The Democrat everyone suddenly wants to believe in

Jon Ossoff and the dream of a “unity candidate” in 2028.

For the past month, one name has dominated discussions of the 2028 Democratic primary: Georgia Senator Jon Ossoff.

Sen. Jon Ossoff (D-GA) is having a moment. The senator is winning praise from across the Democratic Party’s many factions and is being touted as a potential top candidate for 2028.

There are good reasons for this hype: Ossoff is an excellent public speaker with a message on Donald Trump’s corruption that united the party. But there is also reason for doubt: “Unity” candidates have a questionable track record in primaries, and he may be falling into that trap.

Ultimately, the recent wave of Ossoff frenzy tells us that Democrats are unsatisfied with the current names topping the polls — like Vice President Kamala Harris and Gov. Gavin Newsom (CA) — and are very much open to alternatives.

Though Ossoff is running for reelection in a crucial swing state, his consistent polling lead is prompting national observers to leapfrog all the way to 2028. Features in both the New York Times and Politico have touted him as a leading candidate. His odds on the Polymarket prediction site have more than doubled since late May: he’s now given a better chance than Vice President Kamala Harris (who is currently the leader in nearly all national polls).

There are good reasons for this. Ossoff is a repeat winner in one of the most important presidential battlegrounds who appeals to everyone from the Never Trumpers at the Bulwark to leftist streamer Hasan Piker. His rhetorical focus on Trump’s corruption elevates a theme that energizes Democrats of all stripes. And his background as a filmmaker makes him almost uniquely well-suited to the short-form video age.

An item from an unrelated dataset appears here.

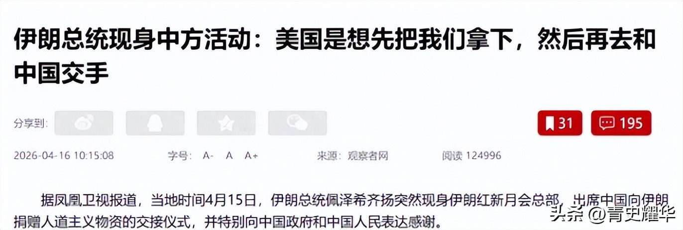 伊朗总统这番话,硬生生扭曲了中伊援助的本质,把两国平等友好的互助,变成了带有利益捆绑的“挡枪交易”,不仅曲解了中国的善意,还拉低了两国合作的格局,这样的表态,实在算不上成熟,也让这份暖心的援助变了味道。

“I have been jokingly calling him…the Lisan al-Gaib, which is a Dune reference to the Timothée Chalamet figure — essentially, the chosen one,” Chris Hayes, the MSNBC host, said on a recent episode of The Ezra Klein Show. “I think he has figured out a way, in a broadly palatable ideological fashion, to leverage a populist moral critique of the rot of Trump that can appeal across the different Democratic factions.”

And yet, there’s some reason to think this hype is getting over its skis.

Ossoff is a certain kind of archetype who often emerges in divided parties: The mythical “unity candidate.”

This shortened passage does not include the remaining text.